Back in 2012 I sent a few queries to the Electoral Commission, just to confirm a few things for my records. Here is their reply, received on 23 May 2012:
Thank you for contacting the Electoral Commission following the Political Polling Forum organised by AMRO, held at Parliament on 9 May 2012.
One of the panel members representing a polling company at the event commented that where a voter was surveyed prior to an election and they indicated they had already voted their voting preferences were still recorded in the poll.
Your query to the Commission is whether it is legal to include people who have already voted in advance in pre-election polling.
Section 197(1)(d) of the Electoral Act 1993 makes it an offence for a person at any time before the close of the poll, to conduct in relation to the election a public opinion poll of persons voting before polling day.
This provision makes it clear that it is not permissible to conduct an exit poll of voters prior to election day. A person who commits an offence under section 197 is liable to a fine of up to $20,000.
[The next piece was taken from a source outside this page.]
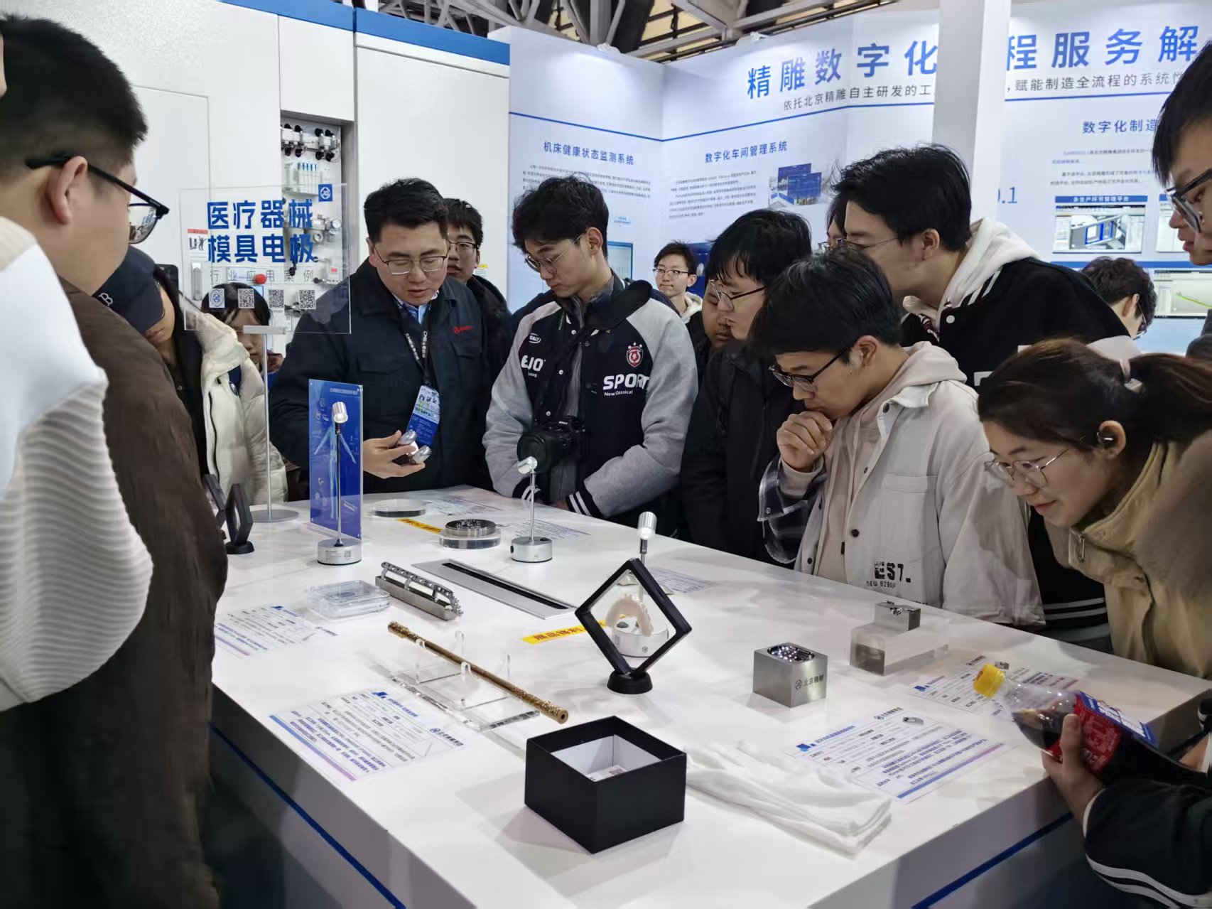 本届展会以“金属加工+智能制造”为主题,汇聚了马扎克、北京精雕、海天精工、宝鸡机床等700余家国内外知名品牌,集中展示了五轴加工中心、车铣复合机床、工业机器人及自动化产线等高端装备。展会现场,师生们重点观摩了面向航空航天、新能源汽车等领域的精密加工解决方案。参观过程中,老师们结合专业知识,为学生现场讲解设备原理与应用。在工业机器人展区,师生们就机器视觉与自动化产线集成问题与企业技术人员进行了深入交流,老师们鼓励学生大胆提问,并帮助梳理技术逻辑。这样的互动场景贯穿整个观展过程,现场学习氛围浓厚。
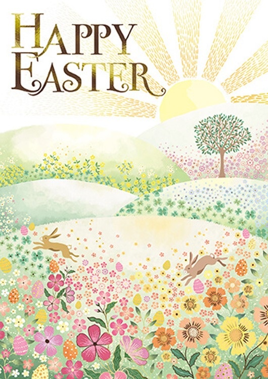 This Easter card is accented with gold foil for an extra-special touch. Inside, it reads, "Sending you springtime wishes for a very happy Easter!"

Advance votes are cast in the 17 days before election day. There has been an increase in advance voting over recent elections, with 334,558 (or 14.7%) of voters voting before election day at the 2011 General Election. Consequently, care needs to be taken if random polling of electors is conducted during the advance voting period to ensure section 197(1)(d) is not contravened.
In the Commission’s view the questions put to individuals polled and the reporting of any results need to be worded in a way that ensures that they do not ask or disclose how people have actually voted. For example, people could be asked ‘which party they would vote for if they had to vote now?’. In the alternative, a polling company may chose not to poll any person who has already voted.
I hope this answers you query. Please feel free to circulate this response to other members of the panel who were present at the recent political polling forum event.
So essentially, exit polls are not allowed.
You can poll advance voters, as long as you don’t ask how they voted. To my knowledge, most polling companies ask ‘who would you vote for if an election was held today/tomorrow’, or something very similar. They do this because the purpose of a poll is to measure voter sentiment at the time of the poll, not to predict it on Election Day.
That may seem like a small distinction – but it’s really quite a big one when you think about it.